Paul Peet via llvm-dev
2016-Feb-08 14:54 UTC
[llvm-dev] Memory Store/Load Optimization Issue (Emulating stack)
Hello, I am trying to emulate the "stack" as like on x86 when using push/pop so afterwards I can use LLVM's optimizer passes to simplify (reduce junk) the code. The LLVM IR code: define { i32, i32, i32 } @test(i32 %foo, i32 %bar, i32 %sp) { ; push foo (On "stack") %sp_1 = sub i32 %sp, 4 %sp_1_ptr = inttoptr i32 %sp_1 to i32* store i32 %foo, i32* %sp_1_ptr, align 4 ; push bar %sp_2 = sub i32 %sp_1, 4 %sp_2_ptr = inttoptr i32 %sp_2 to i32* store i32 %bar, i32* %sp_2_ptr, align 4 ; val1 = pop (val1 = bar) %sp_3_ptr = inttoptr i32 %sp_2 to i32* %val1 = load i32, i32* %sp_3_ptr, align 4 %sp_3 = add i32 %sp_2, 4 ; val2 = pop (val2 = foo) %sp_4_ptr = inttoptr i32 %sp_3 to i32* %val2 = load i32, i32* %sp_4_ptr, align 4 %sp_4 = add i32 %sp_3, 4 %ret_1 = insertvalue { i32, i32, i32 } undef, i32 %val1, 0 %ret_2 = insertvalue { i32, i32, i32 } %ret_1, i32 %val2, 1 %ret_3 = insertvalue { i32, i32, i32 } %ret_2, i32 %sp_4, 2 ret { i32, i32, i32 } %ret_3 } This code will "push" two values onto the stack and pop them in reverse order so afterwards "foo" and "bar" will be swapped and returned back.
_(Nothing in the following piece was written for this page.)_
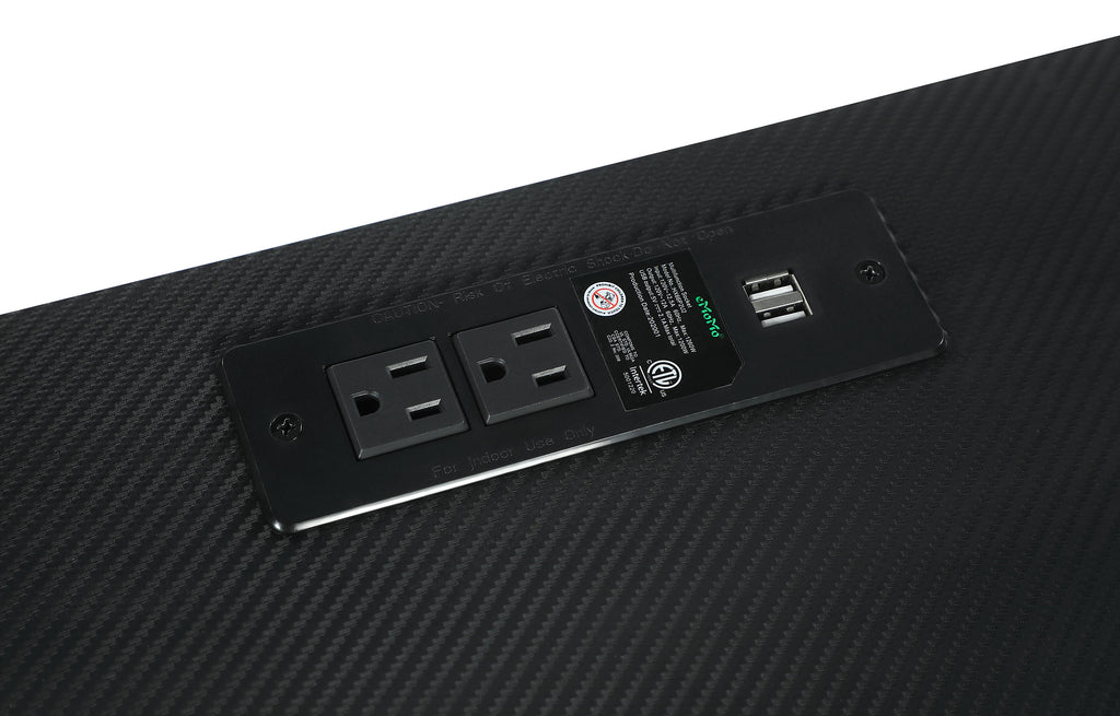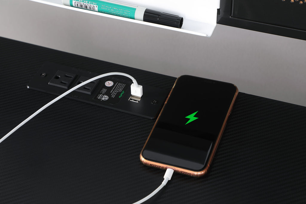 Slender mid-century-inspired metal tube legs angle outward, adding expression to the minimal, water and stain-resistant black finish of this modern writing desk. Complete with a black finished workspace and gunmetal finished accents, this writing desk lends itself to many color palettes while offering ultimate functionality in the space. Modern touches like two built-in USB ports, an AC outlet, and a wireless charger allow you to stay connected. Above the desk is a whiteboard setup, cup and water bottle holders, and extra hooks for organizing all your essentials. Compact, yet stylish, this modern-inspired writing desk also offers extra open shelves for storing books and files. Key Features: • Multi-functional desk fits into any space-saving living area • Features a water and stain-resistant carbon fiber textured PVC desk top • Two built-in USB ports and AC outlet for easy charging • Convenient built-in wireless charger for your phone • Constructed with MDF, particle board with carbon fiber PVC, and metal tubes

After running this through "opt -O2 ./test.ll", I am getting this: define { i32, i32, i32 } @test(i32 %foo, i32 %bar, i32 %sp) #0 { %sp_1 = add i32 %sp, -4 %1 = zext i32 %sp_1 to i64 %sp_1_ptr = inttoptr i64 %1 to i32* store i32 %foo, i32* %sp_1_ptr, align 4 %sp_2 = add i32 %sp, -8 %2 = zext i32 %sp_2 to i64 %sp_2_ptr = inttoptr i64 %2 to i32* store i32 %bar, i32* %sp_2_ptr, align 4 %val2 = load i32, i32* %sp_1_ptr, align 4 %ret_1 = insertvalue { i32, i32, i32 } undef, i32 %bar, 0 ; Swapped %ret_2 = insertvalue { i32, i32, i32 } %ret_1, i32 %val2, 1; Not Swapped (Not optimized; Should be %foo) %ret_3 = insertvalue { i32, i32, i32 } %ret_2, i32 %sp, 2 ret { i32, i32, i32 } %ret_3 } As you can see that the IR has got additional code, eg. zext. But the main problem here is that val2 hasn't been optimized. Could anyone show me some hints what is preventing the second val from being optimized? (My guess would be the zext because I am using %sp as a 32bit pointer although the "target" is 64bit). Regards, Paul -------------- next part -------------- An HTML attachment was scrubbed... URL: <http://lists.llvm.org/pipermail/llvm-dev/attachments/20160208/dc097a10/attachment.html>
Philip Reames via llvm-dev
2016-Feb-09 23:26 UTC
[llvm-dev] Memory Store/Load Optimization Issue (Emulating stack)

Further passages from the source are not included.